Setting Up Local HTTPS Development with Caddy and Rails
Modern web development often requires HTTPS even in local environments to properly test features like service workers, secure cookies, or third-party integrations. This guide shows you how to set up automatic HTTPS for your Rails application using Caddy as a reverse proxy.
Step 1: Configure Local Domain Resolution
Pick a localhost
domain for your app. Anything that is *.localhost
is resolved locally without the need to fiddle with the /etc/hosts
file.
Step 2: Create Caddy Configuration
Create a Caddyfile
at your project root to configure the reverse proxy:
# Caddyfile
my-app.localhost {
tls internal
reverse_proxy localhost:3000
}
Why this configuration works:
my-app.localhost
tells Caddy to handle requests for this domaintls internal
automatically generates a self-signed certificate for HTTPSreverse_proxy localhost:3000
forwards all requests to your Rails server running on port 3000
This setup means Caddy will handle SSL termination and pass clean HTTP requests to your Rails application.
Step 3: Update the Procfile
Modify your Procfile.dev
to include Caddy:
web: bin/rails server
css: bin/rails tailwindcss:watch
caddy: caddy run
This ensures Caddy starts automatically alongside your Rails server when you run bin/dev
(or your preferred process manager). Having all services start together creates a development experience where HTTPS is always available.

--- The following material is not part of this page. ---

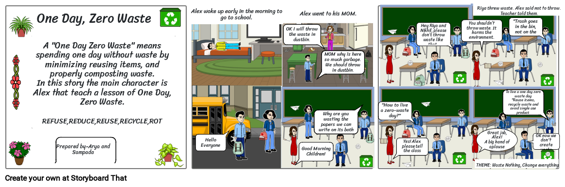 A "One Day Zero Waste" means spending one day without waste by minimizing reusing items, and properly composting waste.In this story the main character is Alex that teach a lesson of One Day, Zero Waste.REFUSE,REDUCE,REUSE,RECYCLE,ROT

Step 4: Configure Rails Host Verification
Update your Rails application configuration to accept requests from your custom domain:
# config/application.rb
module MyApp
class Application < Rails::Application
# ... rest of the application.rb
config.hosts << ENV.fetch("APP_HOST")
end
end
Why Rails needs this: Rails includes host header verification as a security feature to prevent DNS rebinding attacks. Since we're using a custom domain we need to explicitly allow it. Using an environment variable keeps this configuration flexible across different environments.
Step 5: Install Caddy and Set Environment Variables
Use mise (or your preferred tool manager) to install Caddy and configure the environment:
# mise.toml at the application root
[env]
APP_HOST = 'my-app.localhost'
[tools]
ruby = '3.4.3'
node = 'latest'
caddy = 'latest'
Why use mise for this setup:
- Tool management: Automatically installs and manages the correct version of Caddy for your project
- Environment consistency: The
APP_HOST
environment variable ensures your Rails configuration matches your Caddy setup - Team coordination: Team members get the same tools and configuration when they run
mise install
Step 6: Trust the Caddy's CA root certificate
Caddy will ask for your password the first time you run it, so it can install the CA root in your system. This will eliminate any browser warnings regarding self-signed certificates. Alternatively, you can run caddy trust
to install manually or caddy untrust
to uninstall.
The Result
After completing these steps, you'll be able to access your Rails application at https://my-app.localhost
with a valid SSL certificate. Your browser may show a security warning for the self-signed certificate, but you can safely proceed for development purposes.
This setup provides a production-like HTTPS environment that's essential for testing modern web features while maintaining the simplicity of local development.